So when Tom Christiansen floated the notion of a Perl newsletter on the perl5-porters mailing list, it seemed like a natural idea. I’d just seen my first Perl book printed with my ampersands translated into eights, my vertical bars translated into ones, and my bullet marks depicted as planets complete with rings. (As you might guess, the publisher wasn’t O’Reilly.) I wanted to do Perl publishing right, and at the same time show the world that Perl wasn’t just for system administration any more. And so I set to work with my NeXT workstation and a copy of Framemaker. I found a Boston area printer via the Yellow Pages, and hit up the Perl gurus for articles. I announced the magazine on Usenet, and that was the extent of my marketing.

The reception was mostly enthusiastic, although there was some initial skepticism: people said I was crazy to attempt print rather than web publication. But print has a portability and resolution unrivalled by computer displays, and professional printing provides a sense of permanence that web sites can’t match. Paper affords a control over the graphical layout that is hard to achieve in a browser (even with Cascading Style Sheets). For instance, in my TPJ article on Data Hiding, I hid a message in the spacing between letters, and screened in a faint watermark on the page. And I had a hidden message perpetrated on me in the cover of TPJ #3, where photographer Alan Blount hid “perl sux” in his cover photograph.

I also knew that it would be too easy to let quality slip with a web magazine. The high cost of printing gives each issue a stamp of finality; in contrast, a mistake on a web page could always be fixed later. Masochistic as it sounds, I wanted the deadlines that ink-on-dead-trees printing imposed. And print has more prestige: I wanted Perl to get the respect it deserved, and that meant people finding the magazine in their local bookstore.

Content was the easy part—there’s never been a shortage of people creating interesting applications with Perl, and there are enough nooks and crannies to the language that I was never low on article ideas. By 1999, I had between 50 and 70 article proposals pending at any time, and space for only 15 in each issue. It was the design and visual appearance I was worried about: making it look like a magazine. For the first issue, I bought a stuffed camel at FAO Schwarz and had it photographed for the cover. I couldn’t afford full color printing; I had only enough money for one spot color, and I chose brown for the first issue so that the camel would look natural.

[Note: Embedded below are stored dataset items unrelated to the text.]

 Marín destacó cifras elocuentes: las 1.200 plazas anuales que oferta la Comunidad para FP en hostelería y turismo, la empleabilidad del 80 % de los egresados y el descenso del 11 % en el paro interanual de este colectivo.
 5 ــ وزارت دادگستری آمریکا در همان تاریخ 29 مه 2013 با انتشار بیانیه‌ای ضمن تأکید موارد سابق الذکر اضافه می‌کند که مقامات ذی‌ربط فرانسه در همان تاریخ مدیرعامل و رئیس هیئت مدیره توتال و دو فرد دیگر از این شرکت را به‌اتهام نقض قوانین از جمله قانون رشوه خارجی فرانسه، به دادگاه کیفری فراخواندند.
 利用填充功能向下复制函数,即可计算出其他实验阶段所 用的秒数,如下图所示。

I established the company with $20 and a trip to City Hall in Cambridge, and on a blustery day in February 1996 I printed TPJ’s first issue: five articles and 32 pages. With no idea how popular the magazine would be, and aware of how much it costs to reprint an issue, I decided to aim high: 5,000 copies.

The volume of 5,000 copies of a 32-page magazine, each page slightly thicker than newsprint, was not a calculation that crossed my mind until an eighteen-wheeler pulled up and unloaded 22 boxes of magazines into my tiny two-room apartment. The boxes were stacked from floor to ceiling; I was eating off them, and by the time the deadline for TPJ #2 arrived I was sleeping on them as well.

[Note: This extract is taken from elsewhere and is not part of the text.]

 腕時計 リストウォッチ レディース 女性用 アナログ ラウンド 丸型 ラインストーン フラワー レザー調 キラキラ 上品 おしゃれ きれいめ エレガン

Over the next year I learned all about United States Postal Service regulations, courtesy of the nice folks at Boston’s South Station 24-hour post office and a scary tattooed bulk-mail freak at Cambridge’s Central Square post office. I learned about presorting mail with rubber bands into dirty sacks with “U.S. MAIL” stenciled on them. I bought Glu-Stik by the case for attaching address labels. I got a swollen tongue from licking too many stamps back in the days before I splurged on a postage meter.

And I hacked. I wrote Perl programs to generate PostScript UPC bar codes, print address labels, convert author drafts from HTML, LaTeX, pod, and plain text into typeset pages. I wrote code to verify the accuracy of the programs in the magazine, correct grammar and spelling mistakes, and maintain subscriber, author, and advertiser databases. I created an entire subscription management system that answered many of the common subscriber requests, from address changes to questions about when the next issue would arrive and when subscriptions would expire. I probably wrote hundreds of quick one-off programs to do things like generate an ASCII copy of the magazine for TPJ’s sole blind subscriber, and to compute circulation demographics (the top Perl countries are, in order, the U.S., the U.K., Germany, Canada, Australia, France, Japan, Switzerland, Sweden, Holland, Norway, Denmark, Finland, and Italy). I wrote the Business::CreditCard module to verify credit card numbers once I became able to accept VISA and MasterCard later in 1996.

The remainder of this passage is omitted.